►

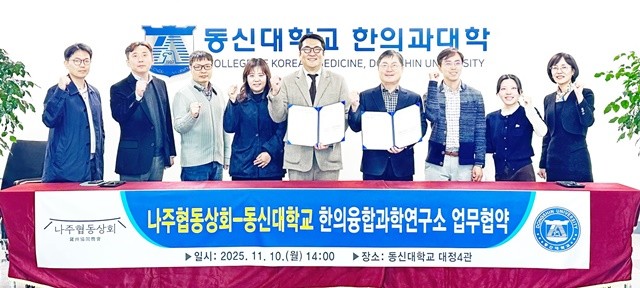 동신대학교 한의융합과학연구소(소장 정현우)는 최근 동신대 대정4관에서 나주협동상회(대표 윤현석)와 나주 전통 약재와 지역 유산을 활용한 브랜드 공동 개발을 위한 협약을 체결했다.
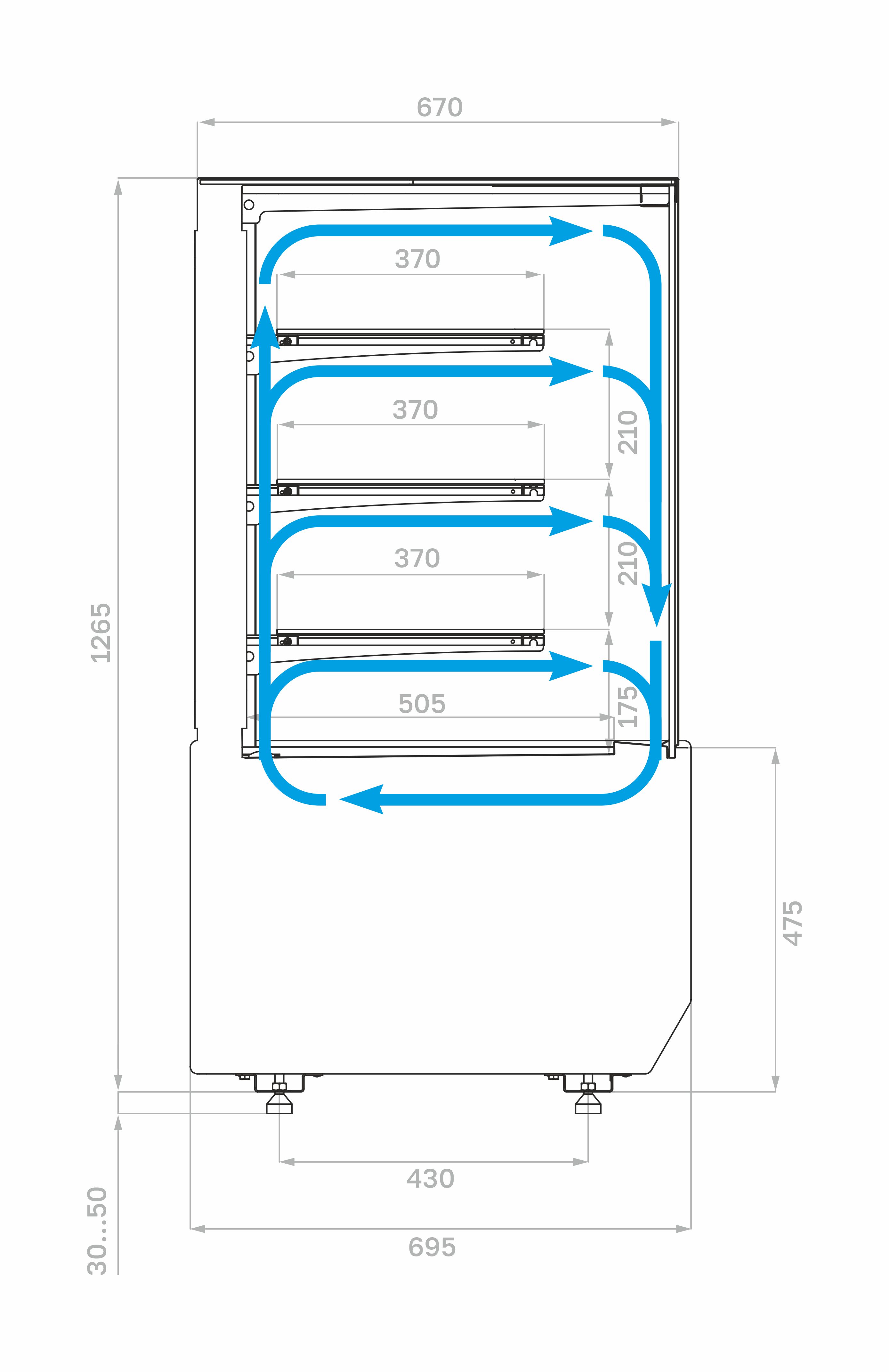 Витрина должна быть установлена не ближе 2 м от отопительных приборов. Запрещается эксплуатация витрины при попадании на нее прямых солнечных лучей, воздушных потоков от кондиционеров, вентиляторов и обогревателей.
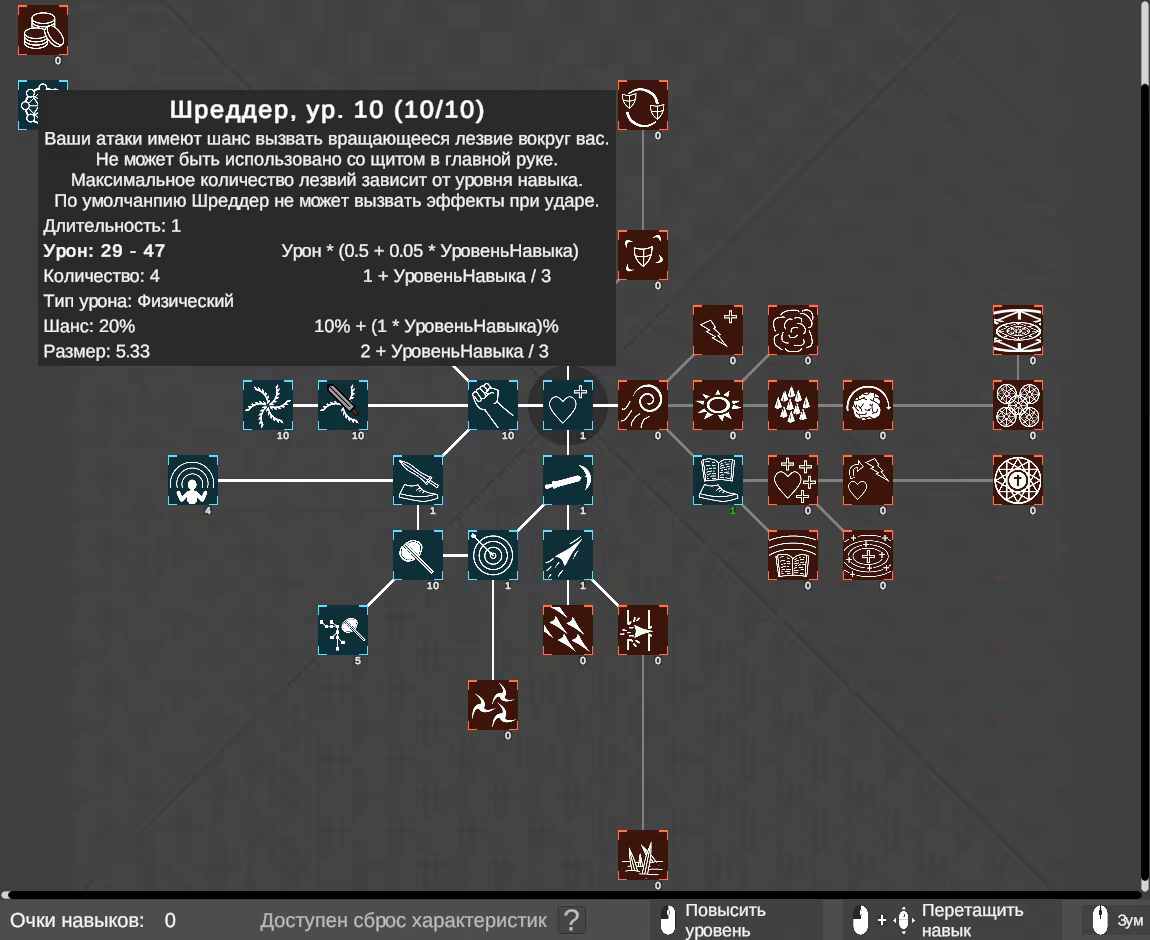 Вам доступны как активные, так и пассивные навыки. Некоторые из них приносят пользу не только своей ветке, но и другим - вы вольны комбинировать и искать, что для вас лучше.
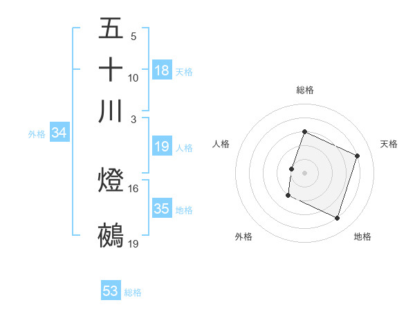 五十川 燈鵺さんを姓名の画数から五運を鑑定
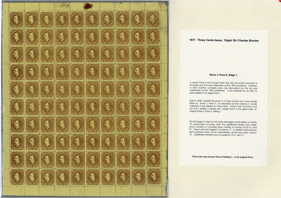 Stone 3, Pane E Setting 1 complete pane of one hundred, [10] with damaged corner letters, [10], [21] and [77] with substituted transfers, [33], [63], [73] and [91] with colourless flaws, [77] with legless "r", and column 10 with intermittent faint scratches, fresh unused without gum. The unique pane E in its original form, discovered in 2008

◄
►

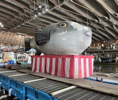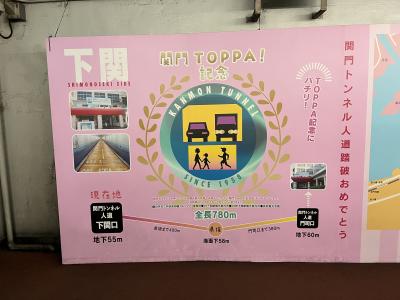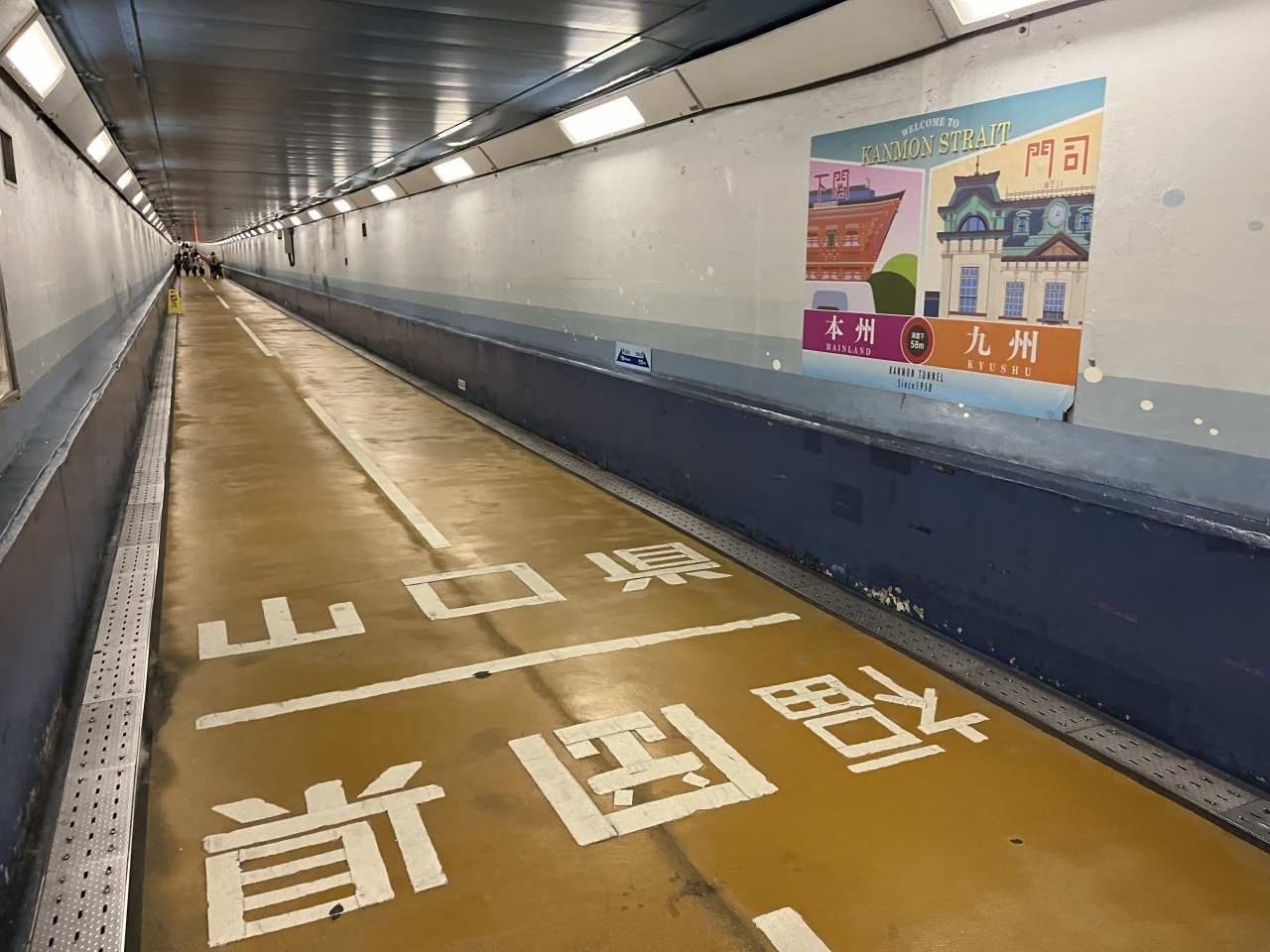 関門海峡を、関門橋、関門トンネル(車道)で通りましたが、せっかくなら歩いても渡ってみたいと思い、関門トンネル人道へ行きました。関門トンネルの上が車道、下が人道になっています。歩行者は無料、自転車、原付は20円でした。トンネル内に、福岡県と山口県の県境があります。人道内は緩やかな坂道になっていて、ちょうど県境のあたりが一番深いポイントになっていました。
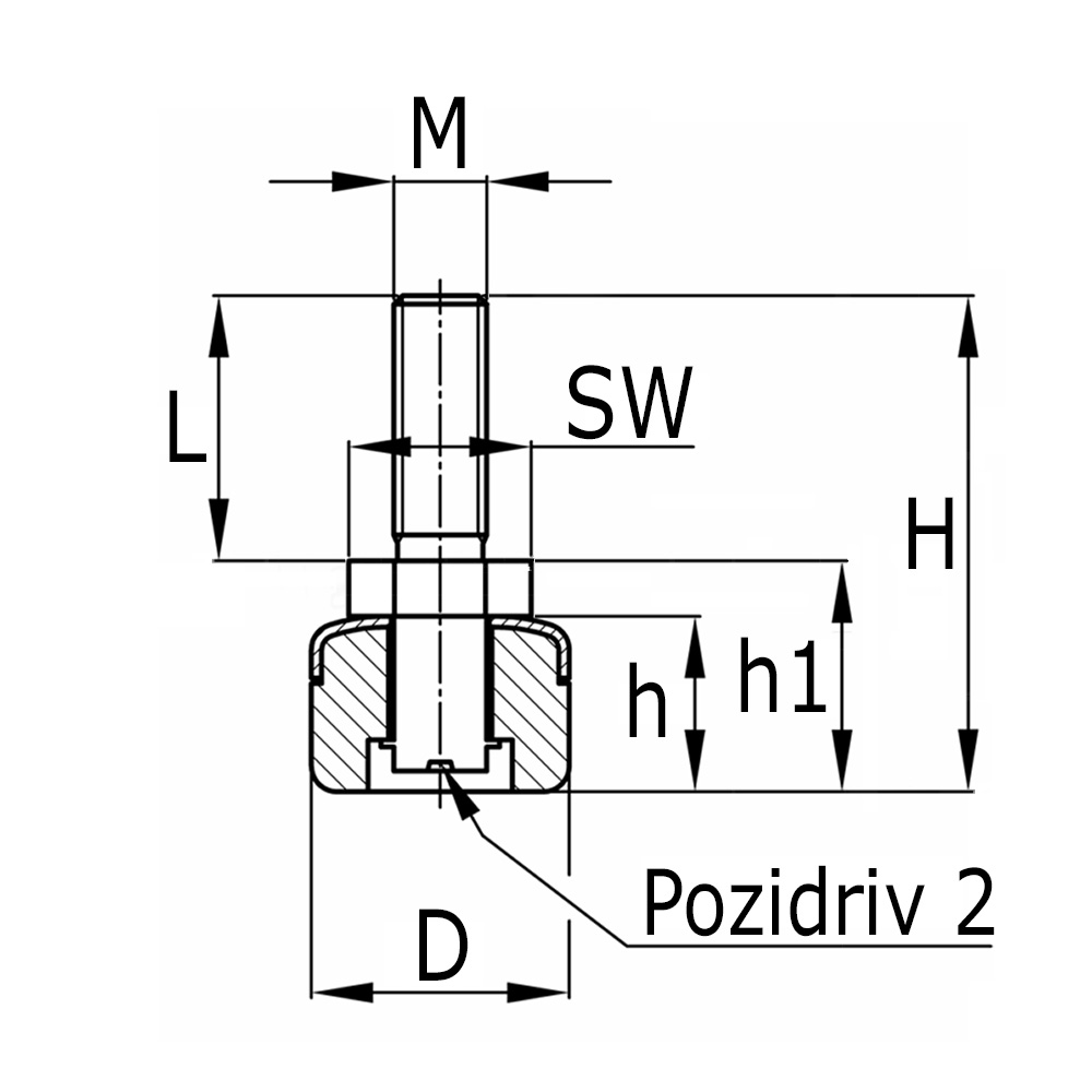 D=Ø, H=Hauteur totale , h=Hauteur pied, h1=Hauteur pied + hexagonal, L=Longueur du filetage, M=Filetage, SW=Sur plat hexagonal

◄
►

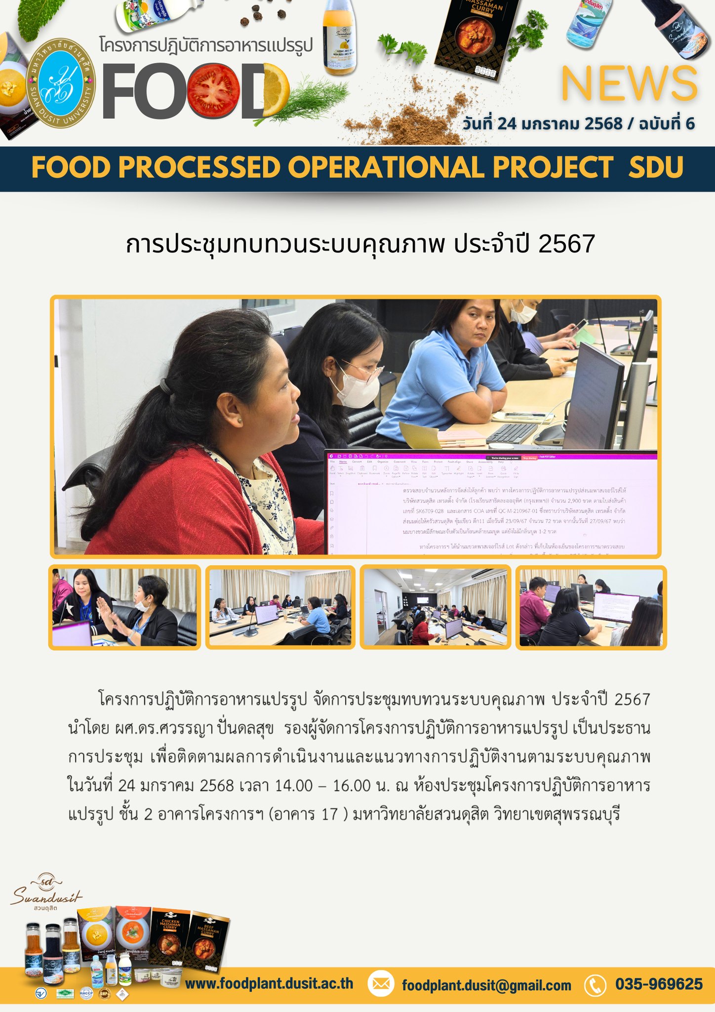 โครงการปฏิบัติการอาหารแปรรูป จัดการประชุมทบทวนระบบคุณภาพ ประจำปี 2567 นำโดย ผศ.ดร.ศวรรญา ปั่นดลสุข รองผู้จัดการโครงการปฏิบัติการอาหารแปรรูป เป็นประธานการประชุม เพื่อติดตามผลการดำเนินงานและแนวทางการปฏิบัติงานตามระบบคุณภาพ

◄

WHAT TO WORK ON = Please output, exactly as written, the lines above from the one holding "Вам доступны как" through the one holding "Stone 3, Pane", both included, with the pictures omitted.

EXERCISE RESULT =
 Вам доступны как активные, так и пассивные навыки. Некоторые из них приносят пользу не только своей ветке, но и другим - вы вольны комбинировать и искать, что для вас лучше.
 五十川 燈鵺さんを姓名の画数から五運を鑑定
 Stone 3, Pane E Setting 1 complete pane of one hundred, [10] with damaged corner letters, [10], [21] and [77] with substituted transfers, [33], [63], [73] and [91] with colourless flaws, [77] with legless "r", and column 10 with intermittent faint scratches, fresh unused without gum. The unique pane E in its original form, discovered in 2008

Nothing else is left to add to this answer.